One of the reasons they believe that, and don’t shoot the messenger on this, is that the rings have similar composition as one of Saturn’s other moons, Iapetus, and they mathed out that if a Iapetus-like moon got smashed, something similar to Saturn’s rings would probably happen.

No-one knows for sure but that’s why, even though science meant “to know” in Latin, science really is just a big “hmm, maybe like this? Let’s put it here for now” sorta like when you’re doing the first pass of sorting the pieces out of a jigsaw puzzle box. Sometimes it really does feel like pieces fit together perfectly, while other times it’s more tentative or even flat-out wrong.

The same goes for our relationship with God. The book is full of examples of how we go astray, either on a personal level or with humanity as a whole. Young Earth creationism is only one of many ways to tentatively sort the jigsaw pieces. It’s part of protestant hermeneutics which arose in modern times (16th century) in an ever-more curious and science-minded world.

It is a truth universally acknowledged that as an art, technique, or philosophy evolves, there are always gonna be fans of a particular stage or era. “I like baroque music”, “I like 80s thrash metal”, “I like sock-hop”. These nostalgic fans are not necessarily wrong: things evolve in many-branched trees, of thought and counter-thought, of steps in the wrong direction or in the right. It’s good to be able to go back to what worked from what doesn’t work. You might have to think of how you got started sitting in your little room.

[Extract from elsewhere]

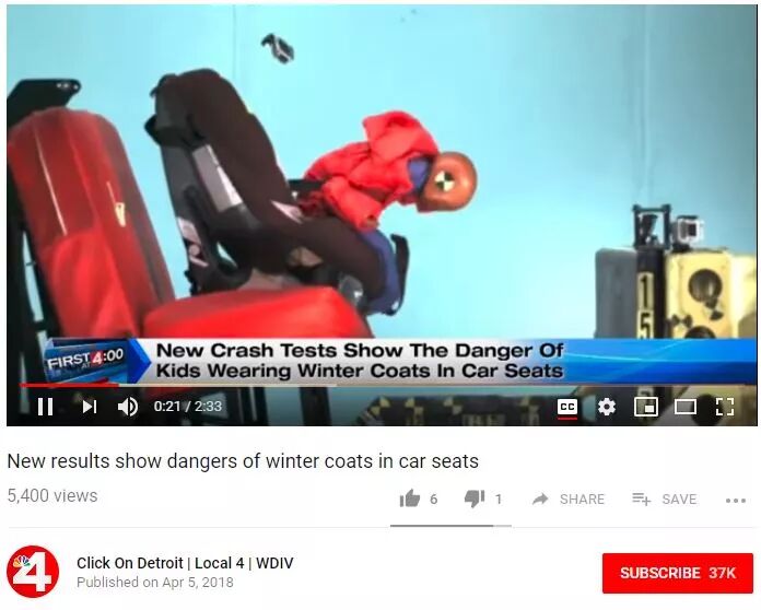 近日,加拿大脸书社交网不断在传播一条消息: ![]() 妈妈群里有家长不断提醒小孩正确的坐车方法,并且转发了一个今年4月Youtube的视频。 ![]() 在碰撞测试中,一名身穿羽绒服的小孩模型竟然飞了出去。。。 下面看看整段视频: 其实每年踏入冬季,加拿大和美国各大安全机都会不断提醒家长,切勿让小孩穿着蓬松的大衣坐汽车座椅。 ![]() 因为如果发生碰撞,小孩会从汽车座椅飞出去....后果不堪设想 ![]() ![]() 环球邮报近日发出提醒,称小孩穿着蓬松衣服坐汽车座椅会有危险 ![]() 美国《消费者报告》(Consumer Reports)近日亦更新相关报道。 穿羽绒服车祸时会飞出去 国内湖南卫视和长沙理工大学去年曾经联合做了实验测试,证明这个观点原来是真的。 ![]() 碰撞测试中,没穿羽绒服假人宝宝只是在汽车座椅上微微回弹。 ![]() 而穿了羽绒服的假人宝宝像金蝉脱壳一样,从羽绒服里飞了出去。 ![]() 原来,孩子穿上比较厚的羽绒服,坐姿会发生变化,肩部的高度增高 当汽车发生意外,强烈的碰撞冲击,安全带只是固定羽绒服,而根本不能有效地固定孩子。 ![]() 于是,孩子就像碗里的剥壳鸡蛋,一旦遇到碰撞事故,可能会滑脱出来。 最后,小孩以重量的20倍的力量抛射出去,造成颈椎、头部的挫伤,严重甚至会造成死亡! 加拿大:不应穿冬季外套坐在汽车安全座椅 对于穿冬季大衣坐汽车的危险性,加拿大儿童乘客安全协会主席Katherine Hutka是这样解释:“安全带的设计是把孩子固定在座位上以防止受伤,但是,如果在孩子和汽车安全带之间增加了一层厚厚蓬松衣服,蓬松衣服在碰撞时会受压,令到安全带肩带突然松动,小孩就有受伤或弹射的危险。” ![]() 如果当这件事发生在儿童的外套或婴儿睡袋(bunting bag)时,如果安全带肩带已经不够紧,将无法保证小孩安全。 ![]() 魁北克省汽车保险公司(SAAQ)说,当一辆时速50公里的汽车发生碰撞事故时,汽车上人和物体会以重量乘以20的力度抛射出去。例如:一个18公斤的孩子变成了一个360公斤的抛射物。 正确做法 1、检查安全带是否过松 所以,冬季外出,乘车前一定要检查小孩的衣服的面料是否光滑,填充物是否蓬松,到底怎么检测呢? 美国《消费者报告》11月15日的报告里,介绍一个简单的方法来检查小孩的外套是否太大,过于蓬松而不能穿着坐汽车。 ![]() 步骤1:让小孩穿上外套,坐在汽车座椅上,系好安全带。 拧紧安全座椅背带(Harness),直到缝隙小于拇指和食指两个手指的宽度。 ![]() 步骤2:保持汽车座椅的背带标准不变,把小孩脱掉外套再坐回汽车座椅,然后再扣好。 ![]() 如果这个时候,你可以轻松用拇指和食指捏住汽车座椅的边带,那么,这件外套太笨重,不能穿着坐安全座椅。 二、婴儿反向坐 如果是婴儿,记住,汽车座椅一定要反向,让婴儿背对车头方向。 ![]() 这样,如果发生碰撞,小孩不会飞出去 ![]() 根据加拿大安省交通法规定,要求体重小于20磅的婴儿使用背对汽车座椅,并且称最好一直都这样坐,直到小孩超出汽车座椅建议的最大重量和高度,例如有些背向座椅的最大重量是45磅(20公斤) 三、注意保暖 小孩坐car seat尽量少穿衣服,但注意保暖 ![]() 如果是婴儿,可以盖一张毯子在孩子身上。 ![]() 对于较大的小孩来说,将外套脱下反转穿,这样外套就像毯子一样放在汽车座椅的安全带上。 事关安全,大家一定要重视! |

At the same time, something that starts as a “hey guys, can we maybe try to think kind of differently about this stuff?” so often freezes and itself becomes a means of killing new thought.

Jesus, for example, praised both serpents and doves in Matthew 10:16. If God created everything, where can I put my feet that’s not holy? We’d need to, with every word we write, credit the Highest. For example, that previous sentence should read “We’d need to, with every word our God-given ability to write lets us write, credit the Highest”, and this sentence itself should start “For example, that previous sentence that God let me write…”, but, just like the Gricean maxim of quantity predicts, we can omit some things once we know that the person we’re speaking to already know them.

It’s all the same re-gifted sixpence but it’s also all pretty darn special. Jesus praising those animals are like if you were to praise your own toe, but, you know, sometimes you wanna do that. You find this li’l part of reality, like how a butterfly flies out of a pupa, and it makes you wanna go jouez haut-bois, résonnez musettes! Psalm 104:25! Every li’l sparrow and bug and butterfly and grain-of-sand is accounted for, as is every moonshard across the night’s canvas.